Omnichannel madness continues on for both retailers and many non-retailers, with the challenges and opportunities nicely summarized in a new report from SCDigest, which can be downloaded here: Conquering the Omnichannel Challenge - Today and for the Long Term.
Taken from that excellent report is the graphic below, which we call the Omnichannel Crawl, Walk, Run, depicting the evolution of Omnichannel competency.
The Omnichannel Crawl, Walk, Run
Early on - and to an extent longer than that - there
is a great sense of uncertainty about customer
requirements and what services and capabilities need
to be provided - combined with a justified sense of
urgency to "just do something." As an example of
the uncertainty and pressure to act, not long ago a
supply chain executive at JC Penney said a critical
question her company was trying to answer was when
its customer was placing her order through a tablet
computer sitting on the couch in the evening, did she
really need the product the next day, or would the
day after suffice? That made all the difference about
which capabilities needed to be put in place.
SCDigest would say right now that customers themselves often don't know what they really want,
with expectations often driven not from core needs but rather shaped by the latest program from Amazon
or others. This makes strategy and decision-making tough, and in some cases something of a crapshoot.
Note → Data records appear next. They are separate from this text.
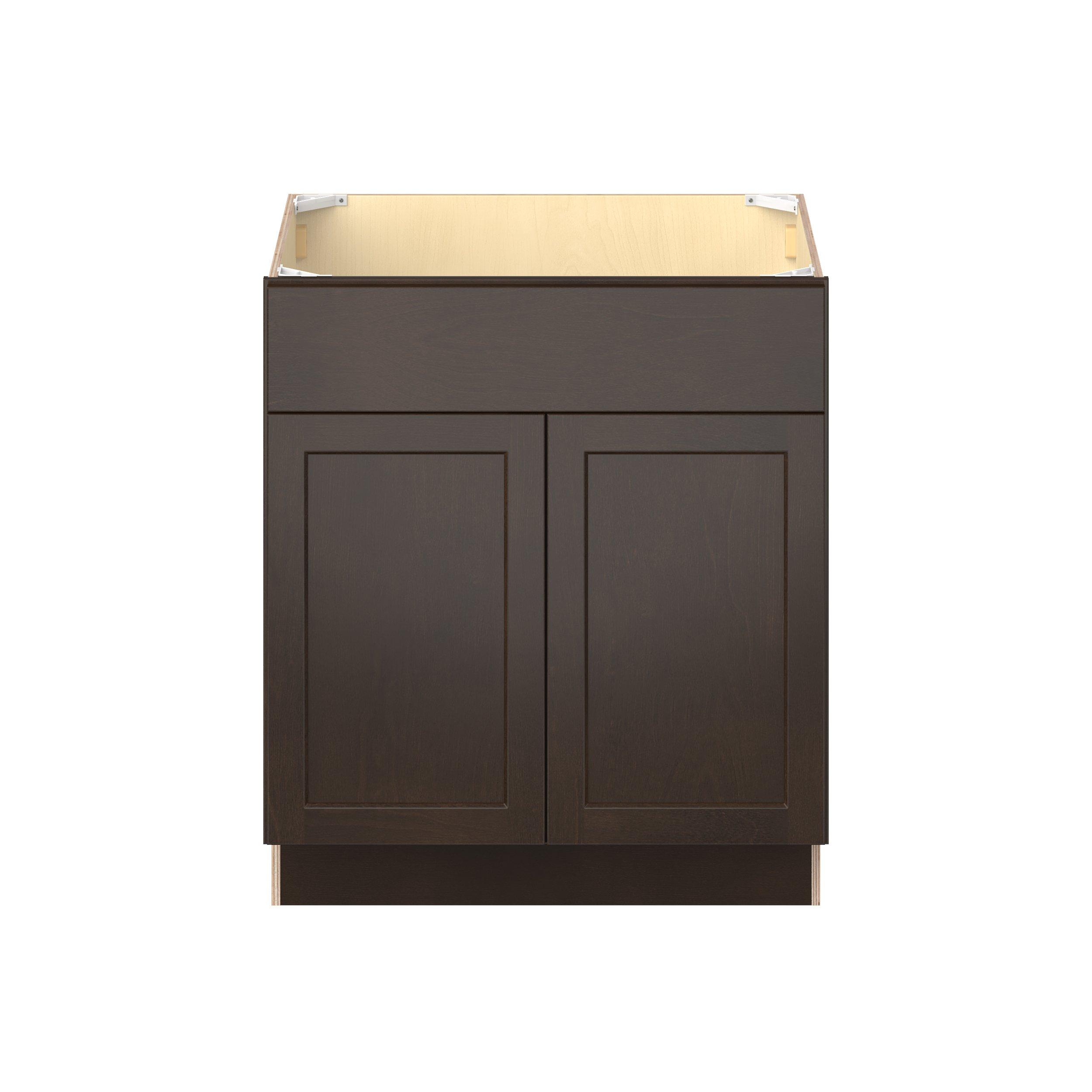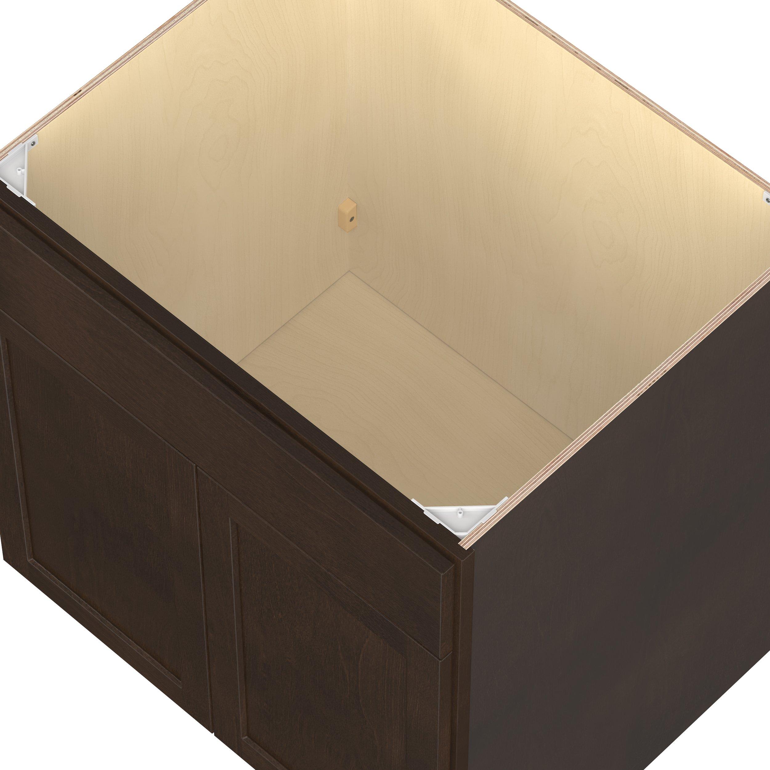 Embrace the timeless charm of the Baxley classic shaker door style. Studio Design Collection Baxley 30 in. Stained Cocoa Sink Base Cabinet with False Front features all plywood construction, offering both superior strength and sophistication to your space. Featuring 5-piece solid wood doors and dovetail drawer joints, these cabinets offer durability and elegance. Baxley classic shaker door style is designed to retain its stunning appearance and withstand the test of time.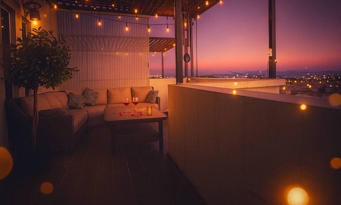 Penthouse terrace with double hammock, sectional sofa, and city & mountain views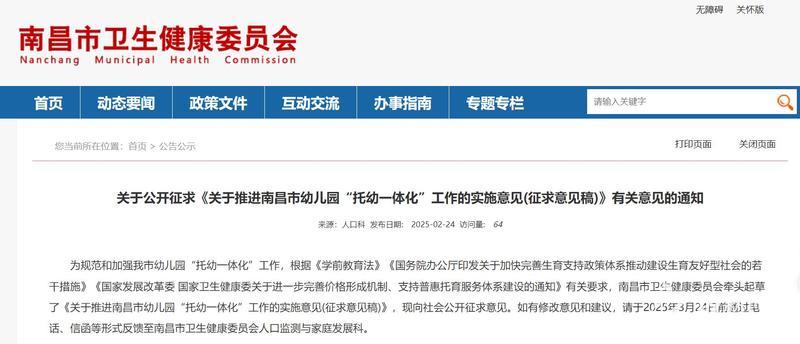 江西新闻客户端讯(全媒体记者朱叶)2月27日,记者从南昌市卫生健康委获悉,《关于推进南昌市幼儿园“托幼一体化”工作的实施意见(征求意见稿)》日前发布,面向社会公开征求意见。征集日期截至2025年3月24日。相关意见建议可通过电话或信件反馈(联系电话:83987029,通信地址:南昌市红谷滩区会展路199号红谷大厦A座5楼)。

As strategies and technologies advance, basic capabilities are achieved, meaning points of interaction (POIs) and points of fulfillment (POFs)
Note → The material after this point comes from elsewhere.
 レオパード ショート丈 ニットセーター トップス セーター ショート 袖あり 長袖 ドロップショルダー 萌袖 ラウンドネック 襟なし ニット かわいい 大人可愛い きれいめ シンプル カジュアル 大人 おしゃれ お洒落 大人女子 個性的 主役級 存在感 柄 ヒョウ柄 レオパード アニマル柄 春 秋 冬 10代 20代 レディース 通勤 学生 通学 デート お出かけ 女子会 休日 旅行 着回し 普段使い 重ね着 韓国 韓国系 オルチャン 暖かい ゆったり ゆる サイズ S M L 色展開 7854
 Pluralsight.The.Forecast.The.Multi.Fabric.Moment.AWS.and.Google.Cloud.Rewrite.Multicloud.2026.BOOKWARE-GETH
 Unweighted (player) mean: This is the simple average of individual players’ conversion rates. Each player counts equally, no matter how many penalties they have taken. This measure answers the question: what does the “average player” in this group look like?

combinations are enabled through software. But there is still uncertainty, and companies must adopt a “test
and learn” paradigm that encourages experimentation, refinement - and the occasional failure.
Technology bets are also made - with companies needing to walk the fine line of placing bets before
requirements are really well understood, because waiting for a greater level of certainty will leave a
company far behind rivals more willing to roll the dice in the name of speed.
In the walk phase, we also see the early stages of cost to serve optimization - key to Omnichannel profit
Finally, SCDigest believes that as Omnichannel thinking and capabilities advance, the mid to long-term goal must
be to simply embrace Omnichannel commerce as how the business now works, not as some new and
strange facet of the business, as often seems the case today.
Supply chain and IT will need to work closely together to empower profitable growth as new digital
or physical channels emerge - faster and better than the competition. As Omnichannel becomes simply the way business is done, it is no longer managed by separate organizations but by a single organization across all channels, and this the same for technology support.